Jan 20 2008
Campaigners in Britain say the National Health Service (NHS) is responsible for 17,000 unnecessary deaths each year because of poor performance.
According to the Taxpayers' Alliance when they compared World Health Organization data for five leading European countries, the number of people who died prematurely, even though their illness was treatable, was far more in the UK.
The NHS was found to have 17,157 extra deaths in 2004 compared with France, Germany, the Netherlands and Spain.
The TaxPayers' Alliance, a group which is campaigning for lower taxes, looked at "mortality amenable to healthcare" i.e. the number of deaths from certain conditions and at certain ages that healthcare can reasonably be expected to avert.
In the UK that equated to 135 per 100,000 people, compared with an average of 107 across the five countries with France having the best rate at 91.
According to the report, if that difference between the UK figure and the average was applied to the whole population, it would equate to 17,157 deaths, five times the number that die in road accidents.
The report says 'billions have been thrown at the NHS' but the additional spending has made no discernible difference to the long-term pattern of falling mortality.
It says lessons can be learned from European countries with healthcare systems which do not suffer from political management, monopolistic provision and centralisation.

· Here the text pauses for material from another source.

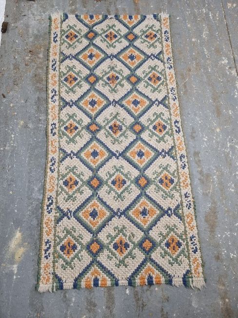A hand woven rug in yellows, blues and greens measuring approx. 142 x 70cm.

Matthew Sinclair the author of the report, says thousands are dying every year thanks to Britain's health service not delivering the standards people expect and receive in other European countries.
The report recommends that NHS bodies should be given more independence from central government.
The government says investment in recent years has reduced waiting lists, improved choice and saved lives and more than 100,000 extra doctors and nurses have been provided over the last 10 years.
Critics point out that the figures on which the report is based are more than three years out of date.